We're waking up to a snowy, slushy and slick mess Thursday morning as round one of this week's snowfall begins to taper off this morning. Highways throughout the region are reported as partly snow and slush-covered, with fair visibility in blowing snow. The Snowfall warning has ended for much of Southern Manitoba, with only areas east of the Red River remaining.
Portage la Prairie was never under a snowfall warning although the city was right on the edge of it.
"The first round of this early season storm has played out pretty much as we expected," said CMOS Accredited Weathercaster Chris Sumner. "Based on early reports, at least 5 to 10cms of snow fell Wednesday afternoon to this morning, but we need to keep in mind some of the snow yesterday melted on contact, before a layer built up on yards, and fields and as temperatures cooled in the evening, roadways."
Manitoba Transportation and Infrastructure is responsible for maintaining 19,000 kilometers of provincial roads and is ready to clear highways as needed according to Transportation and Infrastructure Minister Lisa Naylor. The department monitors weather forecasts and plans its operation with a fleet of approximately 340 truck plows, motor graders, and de-icing equipment.
Listeners reported Highway 240 between St Claude and Portage is covered in a thin layer of snow and ice and is messy in spots.

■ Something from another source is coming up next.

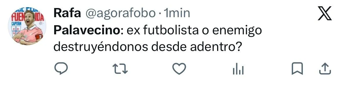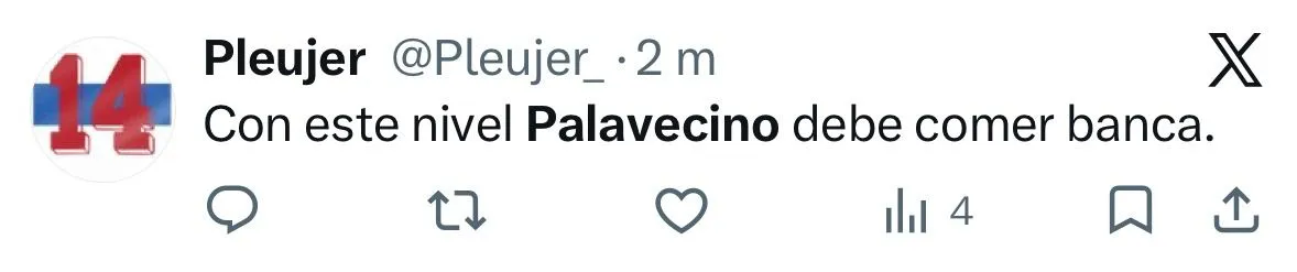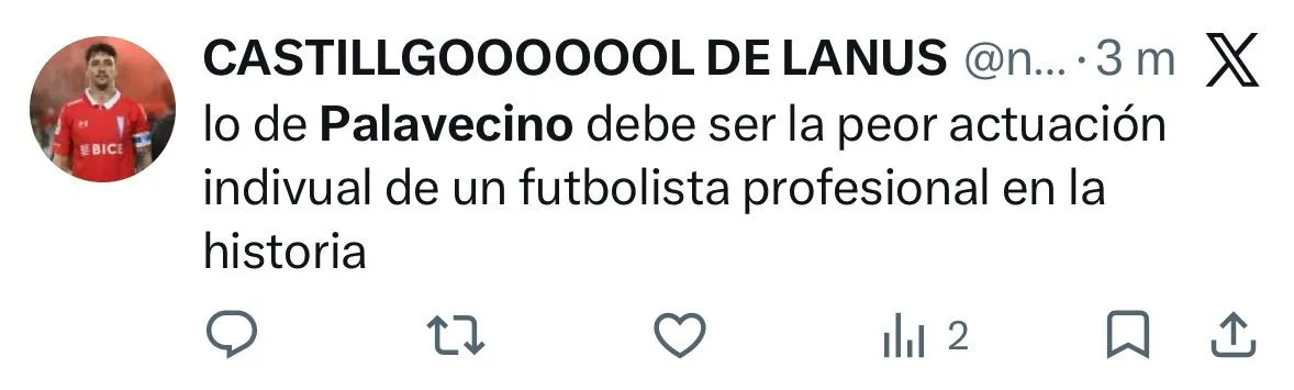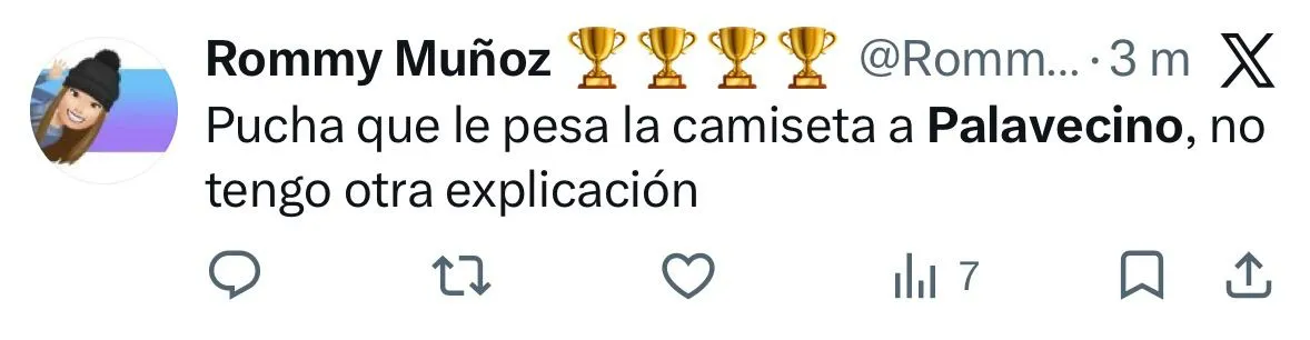 “Avísenle a Palavecino que se su equipo es de camiseta blanca con la franja en el pecho”; “Palevecino, exfutbolista o enemigo destruyéndonos desde adentro”; “Con este nivel, Palavecino debe comer banca”; “Jugador absolutamente intrascendente”, fueron parte de los comentarios en aquella red social.

Many have reported bridges in the area are quite slippery as well.
Similar to Wednesday, Sumner cautions that people can't let their guard down just yet because the Snowfall Warning has ended.
"Most regions will see another round of significant snowfall, but due to the amount of snow and the timeline it's expected to fall, it is slightly below Warning criteria, that's why the western Red River Valley and areas west to the Saskatchewan border are no longer part of it."
Very light snow may still fall throughout the day Thursday but a further 5 to 10cms is expected tonight from wave two, along with northerly winds picking up to 40 km/h.
"Winds haven't been too much of a factor, to this point, but as we see gusty conditions develop, Thursday night blowing snow will be an additional factor to consider when thinking about travelling, alongside the return to wintry conditions."
Sumner stressed, most areas will see a lull in snowfall for part of Thursday, but moderate to heavy snowfall rates are expected to redevelop by mid to late afternoon, and then continue Thursday night into Friday morning.
"We're still on track for totals between 10 and 20cms between Wednesday and late Friday morning," he said, adding the general guidance is still pointing to the highest totals ending up near the U.S. border. "Again, will it look like we have 20cms of snow on the ground come Friday afternoon? Perhaps not due to how warm it still is, but overall, this early season storm will be a significant snowmaker for much of Southern Manitoba."
Flurries will continue to be a possibility throughout the day Friday, with northwesterly winds gusting to 40 km/h, and temperatures falling to -3 to -5 as colder air arrives ahead of the weekend. Saturday and Sunday will see sunshine return, with daytime highs, potentially, more than ten degrees below average for this time of year, landing around -5.